* **About this exercise**: Using the material below, repeat exactly the lines from the one with "An elegant ivory" through the one with "きちんと感がありながらもフェミニンさを演出するリボンニット。", ends included, without any images.

* **Task input**:
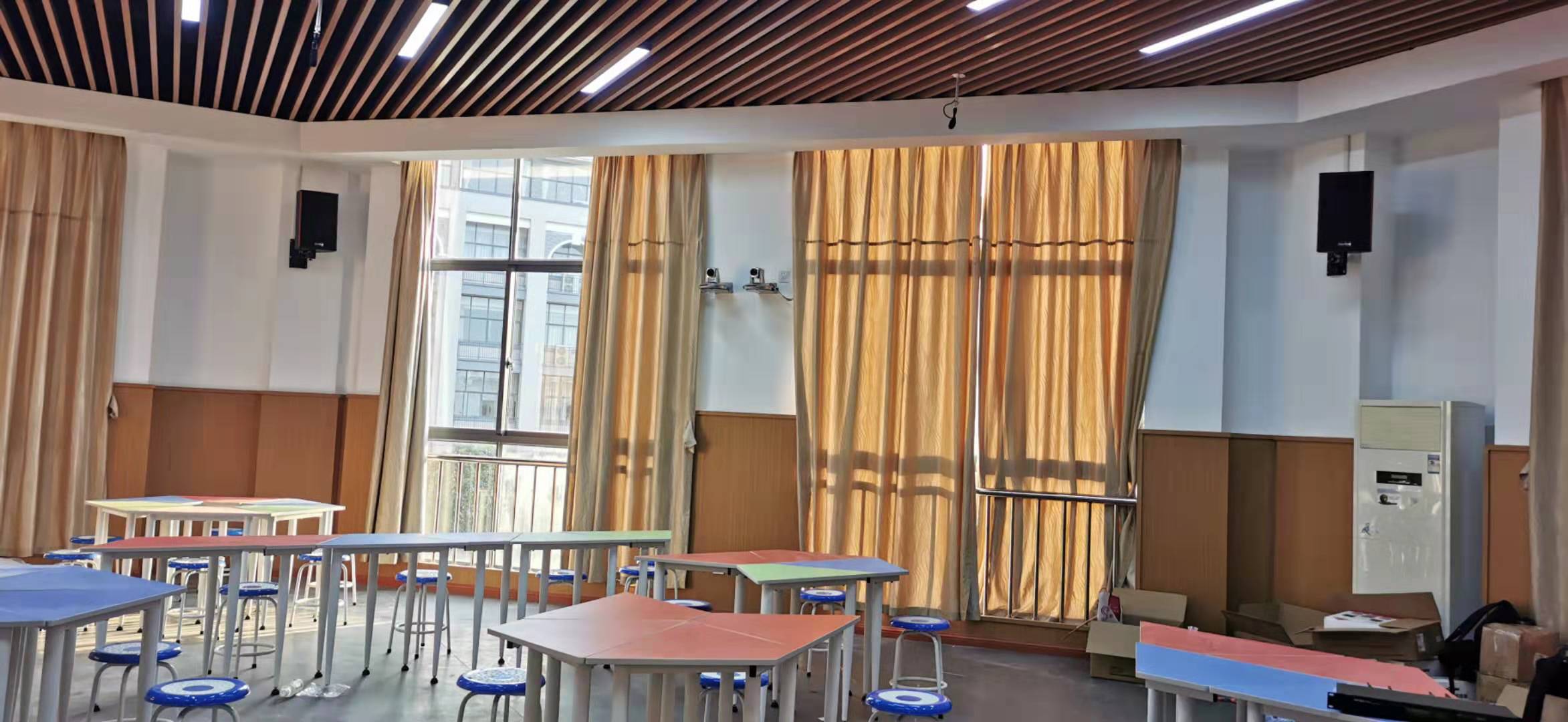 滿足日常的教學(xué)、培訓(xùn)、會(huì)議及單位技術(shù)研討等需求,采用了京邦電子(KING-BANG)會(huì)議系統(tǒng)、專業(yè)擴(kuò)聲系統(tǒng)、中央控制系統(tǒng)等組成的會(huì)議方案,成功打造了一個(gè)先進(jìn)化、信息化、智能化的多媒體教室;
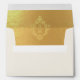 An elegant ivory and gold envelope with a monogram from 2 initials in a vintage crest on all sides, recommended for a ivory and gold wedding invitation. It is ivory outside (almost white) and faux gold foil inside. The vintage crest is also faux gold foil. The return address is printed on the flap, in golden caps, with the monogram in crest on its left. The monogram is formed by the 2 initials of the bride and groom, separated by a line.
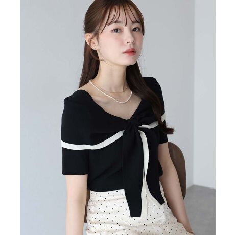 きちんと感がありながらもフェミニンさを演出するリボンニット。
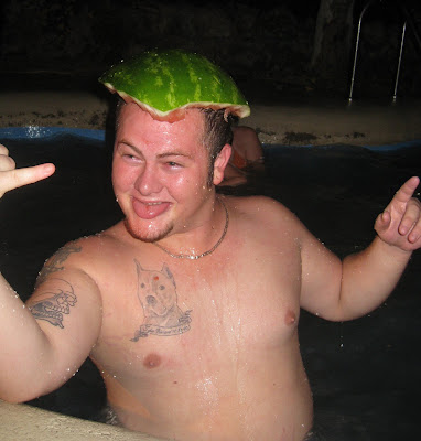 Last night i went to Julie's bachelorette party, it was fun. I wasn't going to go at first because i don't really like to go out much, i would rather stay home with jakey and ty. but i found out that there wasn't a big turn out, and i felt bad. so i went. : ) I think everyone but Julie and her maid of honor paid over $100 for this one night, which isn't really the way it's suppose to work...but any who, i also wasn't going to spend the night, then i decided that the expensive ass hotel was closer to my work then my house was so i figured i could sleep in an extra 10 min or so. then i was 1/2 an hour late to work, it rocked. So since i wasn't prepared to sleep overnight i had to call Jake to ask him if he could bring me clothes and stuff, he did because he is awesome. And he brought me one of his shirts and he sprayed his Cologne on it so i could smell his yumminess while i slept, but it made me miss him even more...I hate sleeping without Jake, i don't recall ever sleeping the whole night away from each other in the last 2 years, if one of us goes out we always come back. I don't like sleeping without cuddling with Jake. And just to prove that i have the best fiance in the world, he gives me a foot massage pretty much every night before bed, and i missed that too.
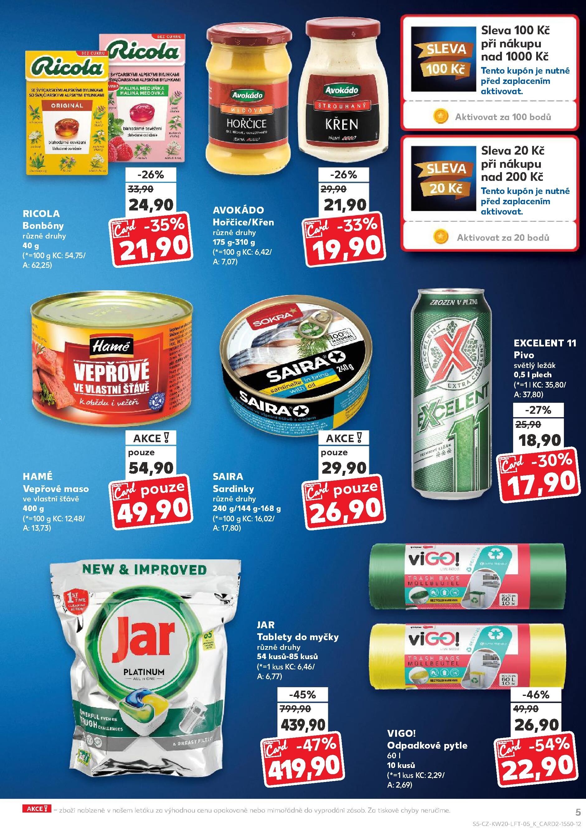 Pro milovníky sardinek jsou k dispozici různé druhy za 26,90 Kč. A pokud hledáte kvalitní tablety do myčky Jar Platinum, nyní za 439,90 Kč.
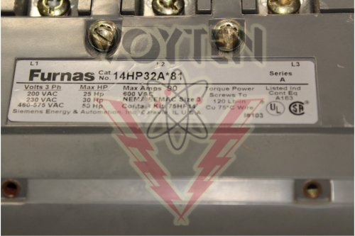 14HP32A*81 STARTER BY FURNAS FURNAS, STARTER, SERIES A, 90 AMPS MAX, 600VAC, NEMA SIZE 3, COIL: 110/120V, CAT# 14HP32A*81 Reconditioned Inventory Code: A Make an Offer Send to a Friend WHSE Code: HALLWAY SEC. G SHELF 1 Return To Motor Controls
==
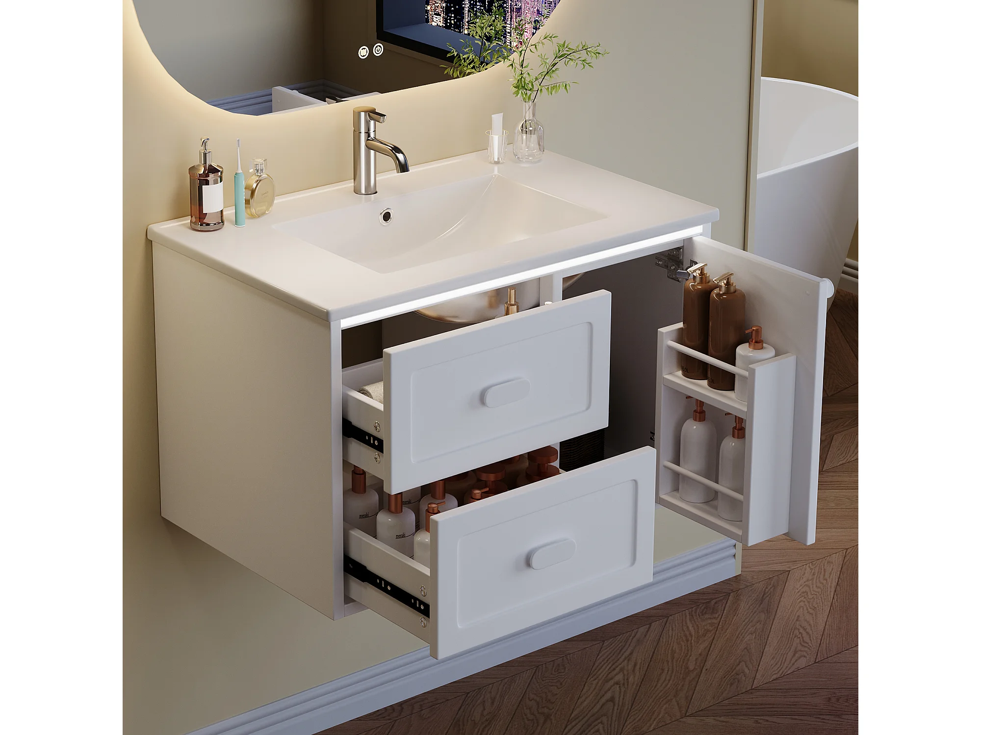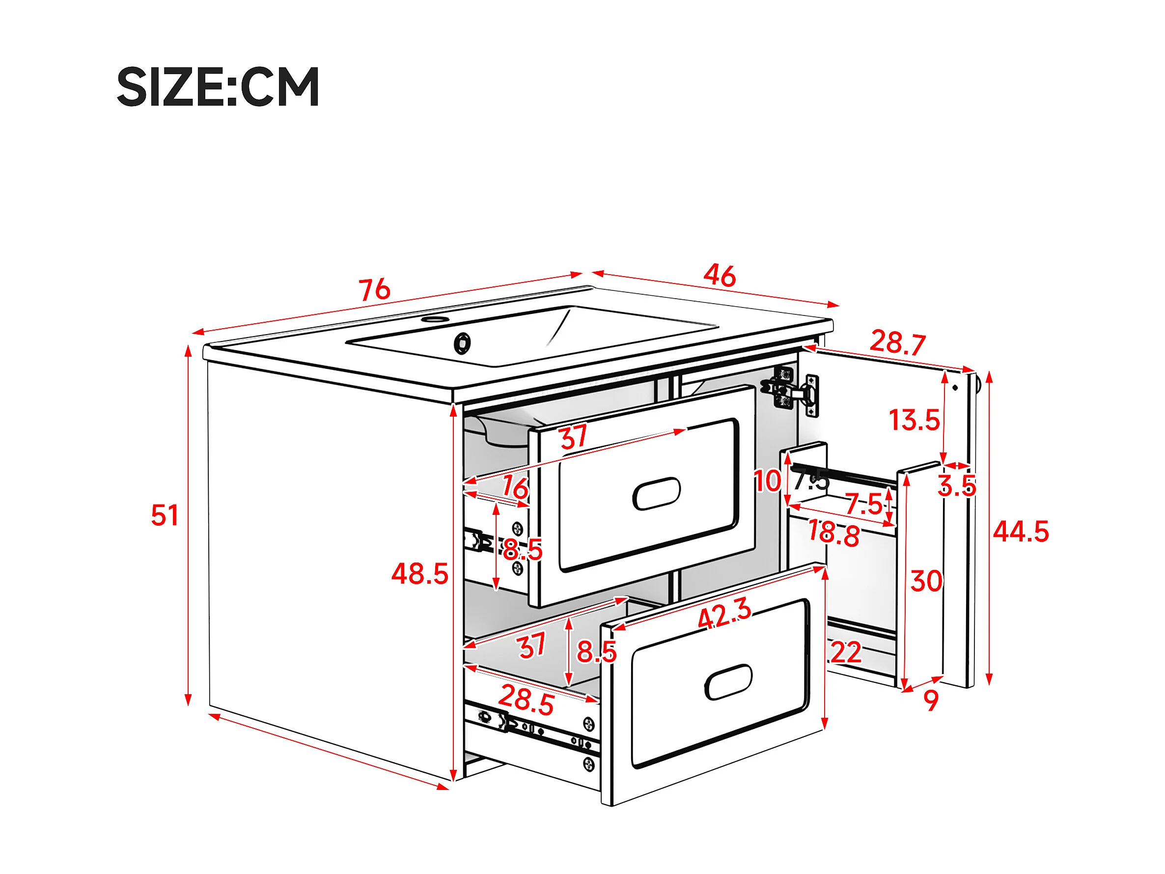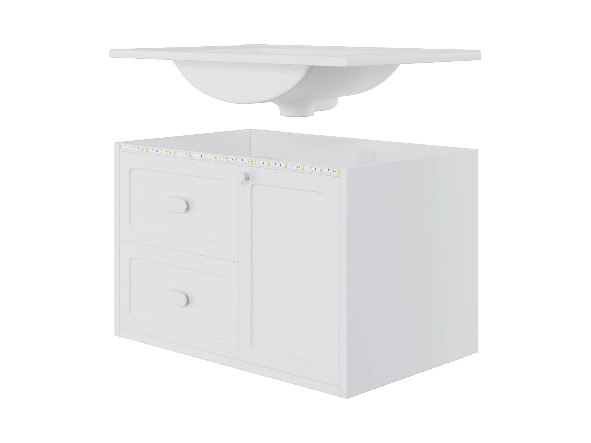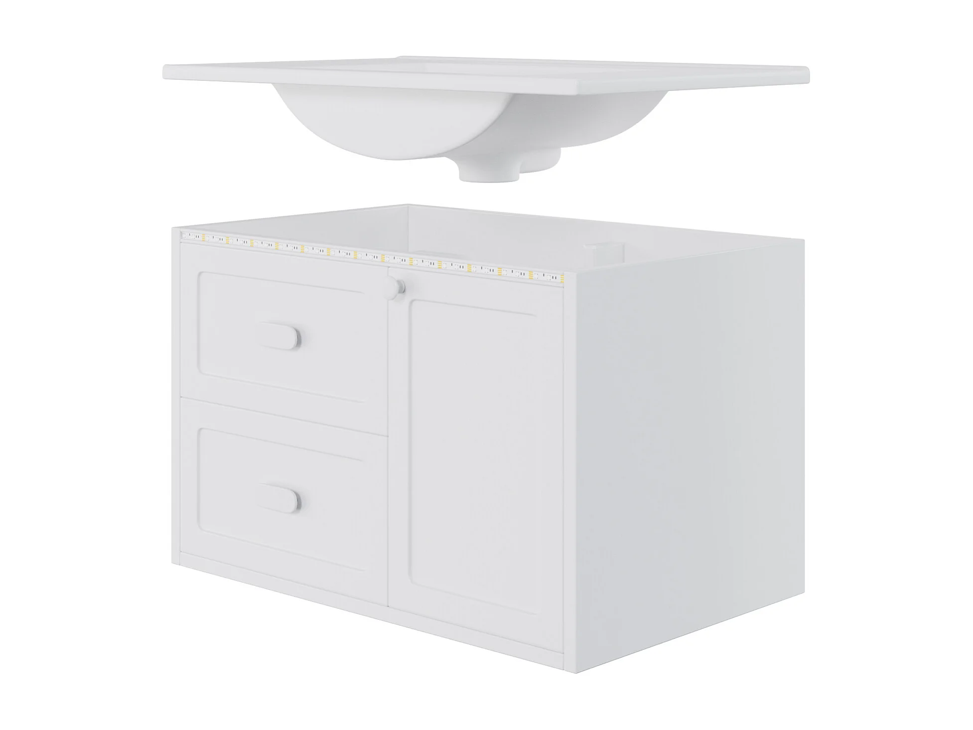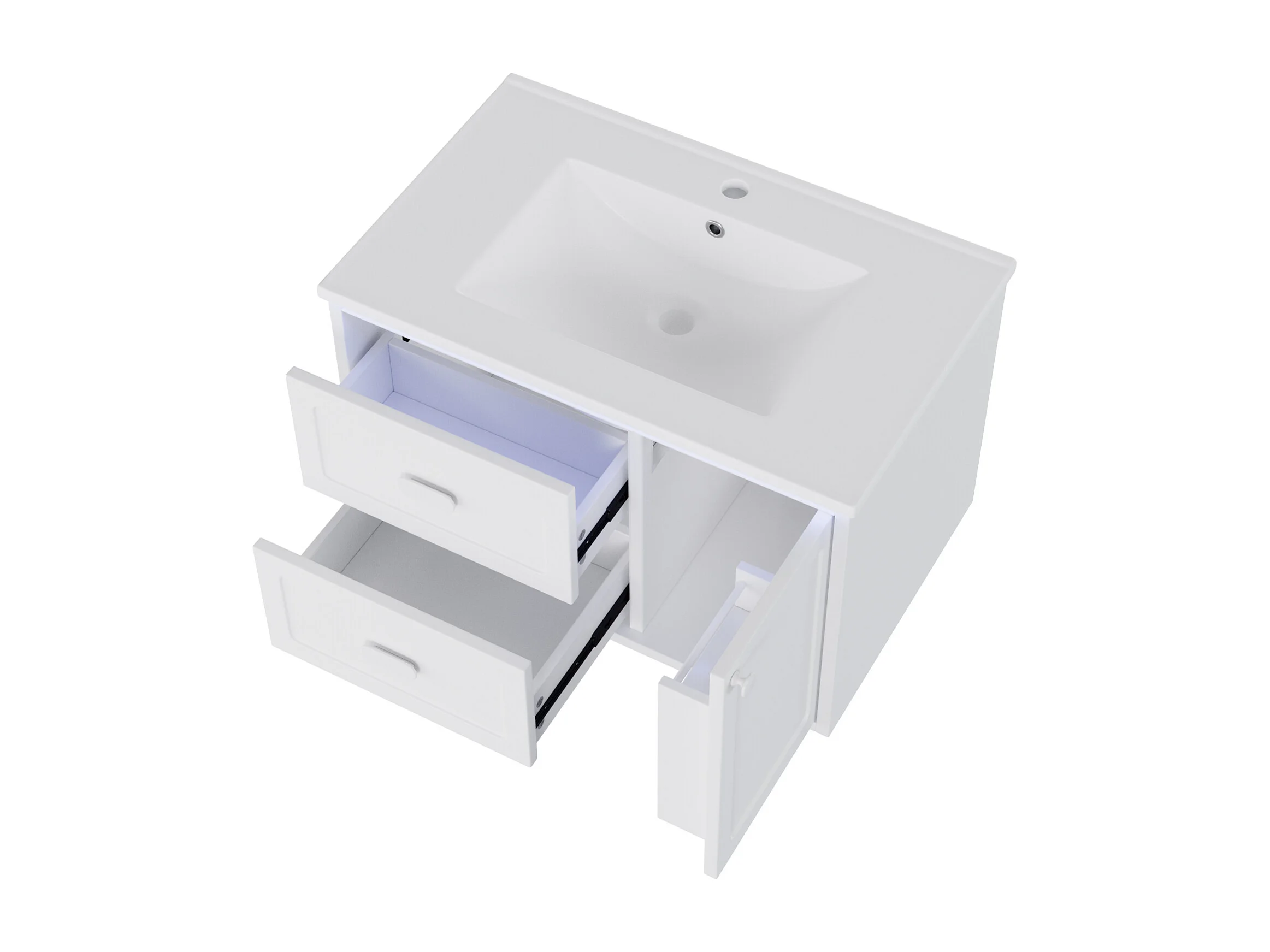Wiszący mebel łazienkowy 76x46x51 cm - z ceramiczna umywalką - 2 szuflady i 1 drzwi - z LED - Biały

* **Problem solution**:
 An elegant ivory and gold envelope with a monogram from 2 initials in a vintage crest on all sides, recommended for a ivory and gold wedding invitation. It is ivory outside (almost white) and faux gold foil inside. The vintage crest is also faux gold foil. The return address is printed on the flap, in golden caps, with the monogram in crest on its left. The monogram is formed by the 2 initials of the bride and groom, separated by a line.
 きちんと感がありながらもフェミニンさを演出するリボンニット。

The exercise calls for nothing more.